Jeffrey W. Kysar is a professor of mechanical engineering at Columbia University. His current research interests include understanding the fracture process from the atomic length scale to the macroscopic length scale, especially in materials that exhibit an elastic-plastic constitutive behavior such as ductile metals. The past 15 years have seen an intense effort to try to understand and numerically simulate the physical and chemical phenomena within the region close to the tip of a crack, where large deformations and fracture mechanisms render the constitutive and geometric assumptions of continuum fracture mechanics theories invalid. This task is made very difficult because this so-called fracture process zone spans many different length scales. At its most basic level, fracture involves the separation of atoms so that simulations are performed at the sub-atomic length scale (10-11 to 10-10 m) to determine the interatomic forces and potentials using quantum mechanics calculations. Once the potentials are known, fracture simulations at the atomic length scale (10-10 to 10-7 m) are performed in which the individual atoms around a crack tip are treated discretely in order to investigate the interactions between dislocation structures and the crack tip. However, only a very small volume of atoms can be directly simulated, so at some length scale, it becomes desirable to treat the underlying atomic structure as a continuum and to keep track only of the dislocations and dislocation structures at the microscopic length scale (10-7 to 10-5 m) using so-called discrete dislocation plasticity analyses. Eventually, the number and complexity of the dislocation structures becomes overwhelming and it is necessary to resort to a continuum-based description of elastic-plastic deformation using physics-based constitutive relationships at the mesoscopic length scale (10-5 to 10-3 m). Above this length scale, at the macroscopic length scale, conventional engineering techniques can be used to design the systems and structures that we encounter in our daily lives. In this way, a hierarchy of simulations is performed, with information passed successively from simulations at smaller length scales to simulations at larger length scales to eventually provide a coherent material description across all length scales. These efforts have been termed multiscale simulations.

Recent Publications

Y. Saito, M.S. Oztop, J.W. Kysar “Wedge Indentation into Elastic-Plastic Single Crystals, 2: Simulations for Face-Centered Cubic Crystals,” International Journal of Plasticity, 28(1):70–87 (2012)

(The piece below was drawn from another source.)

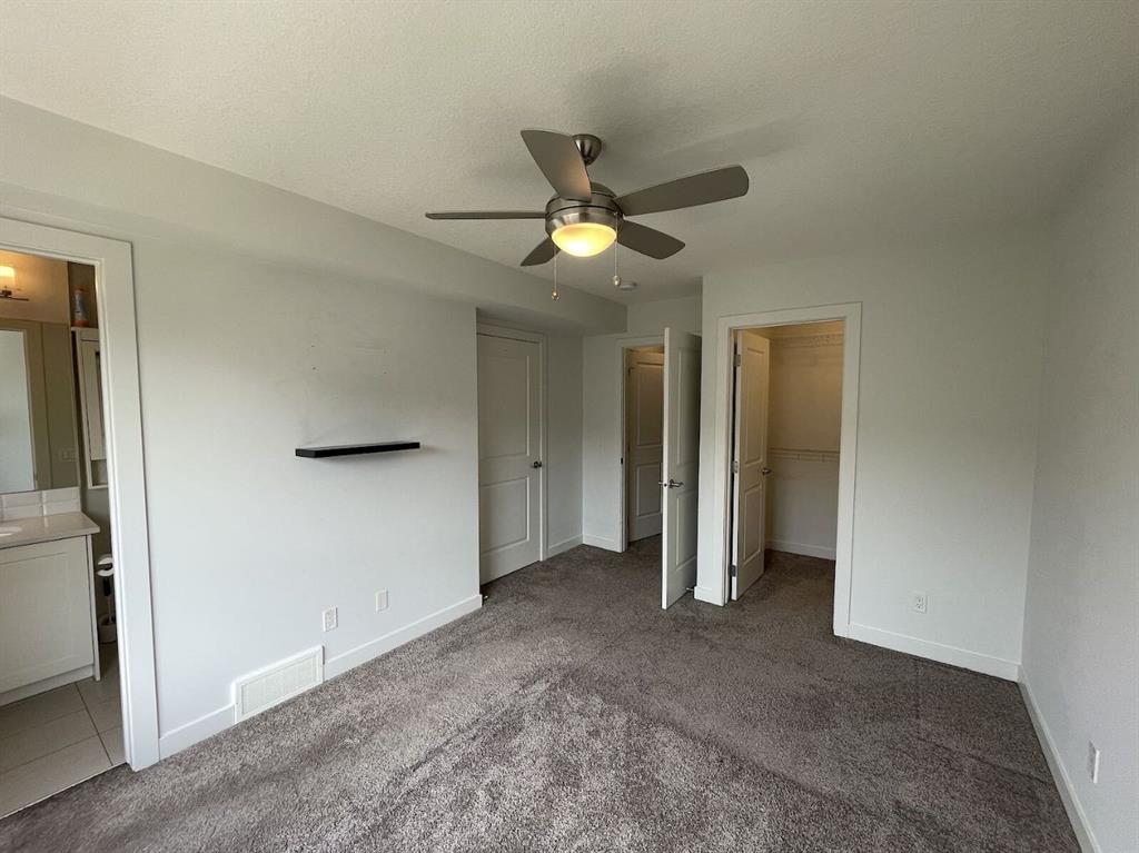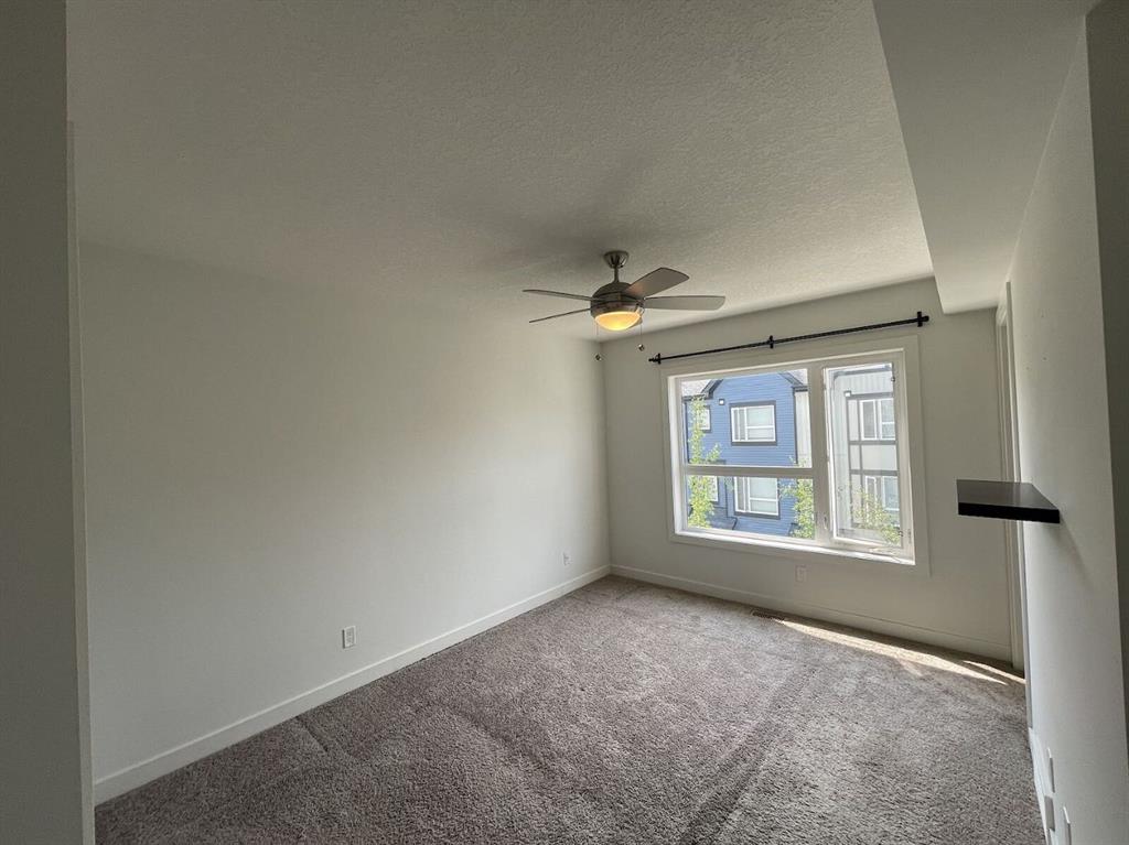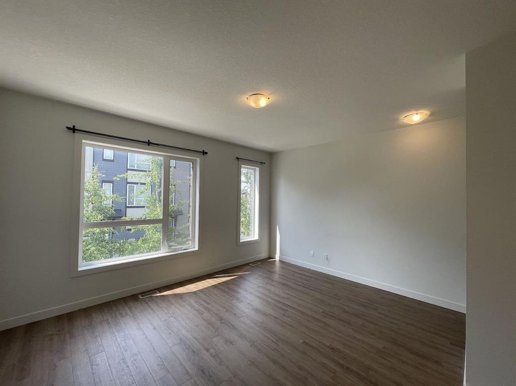 Enjoy the serene environment of your home facing a small green space. This unit has two huge master bedrooms, both with walk-in closets. There's also a bonus room on the upper level for your kids or your work. Perfect for first-time home buyers, downsizers, or investors—great rental potential! This well-maintained three-storey townhouse in the family-friendly community of Evanston offers 1,441 sq ft of developed living space. Enjoy the convenience of a large tandem double garage (38' x 10'4") and a 5’10” x 4’10” balcony. The entry level features a spacious foyer with direct access to the garage and a utility/storage area. On the main living area (2nd level), you'll love the contemporary open concept floor plan with luxury vinyl plank flooring, a neutral color scheme, and 9’ ceilings. The living room, with large windows, is perfect for relaxing with plenty of natural light. The dining area comfortably seats six, ideal for family and friends. The bright, modern kitchen boasts stainless steel appliances, tiled backsplash, quartz countertops, pantry closet, pendant lighting, and a breakfast bar. A door from the kitchen leads to a balcony with a gas line for BBQs. This level also includes a 2-piece powder room and a good-sized closet. The top level (3rd) features carpet throughout and an ideal dual primary layout with two bedrooms, two bathrooms, one ensuite and a bonus/flex room in between. The laundry closet is conveniently located in the Primary bedroom. This townhouse offers low condo fees, providing fantastic value. Evanston is a friendly community with many schools and programs, including sports, activities, an outdoor rink in winter, cleanup days, food trucks, and more. Located just off Symons Valley Parkway & Road and Beddington Blvd, with easy access to Deerfoot Trail and Stoney Trail. A quick 5-minute drive to Highway 2 leads to the majestic Rocky Mountains one-hour drive and just 10 minutes to the airport. You'll also be close to a wide range of amenities. You will love this gem of a home! This townhouse offers lots of natural light, extra storage, air conditioning, and low condo fees, providing fantastic value. Evanston is a friendly community with many schools and programs, including sports, activities, an outdoor rink in winter, cleanup days, food trucks, and more. Located just off Symons Valley Parkway & Road and Beddington Blvd, with easy access to Deerfoot Trail and Stoney Trail. A quick 5-minute drive to Highway 2 leads to the majestic Rocky Mountains (one-hour drive) and just 10 minutes to the airport. You'll also be close to a wide range of amenities. You will love this gem of a home!

X. Wei, J.W. Kysar “Residual Plastic Strain Recovery Driven by Grain-Boundary Diffusion in Nanocrystalline Thin Films,” Acta Materialia, 59(10):3937–3945 (2011)

S. Vukelic, I.C. Noyan, J.W. Kysar, Y.L. Yao “Characterization of Heterogeneous Response of Al Bicrystal Subject to Micro Scale Laser Shock Peening,” Experimental Mechanics, 51(5):793–796 (2011)

Y. Saito, J.W. Kysar “Wedge Indentation into Elastic-Plastic Single Crystals, 1: Asymptotic Fields for Nearly-Flat Wedge,” International Journal of Plasticity, 27(10):1640–1657 (2011)

 O. Okman, J.W. Kysar “Fabrication of Crack-Free Blanket Nanoporous Gold Thin Films by Galvanostatic Dealloying,” Journal of Alloys and Compounds, 509(22):6374–6381 (2011)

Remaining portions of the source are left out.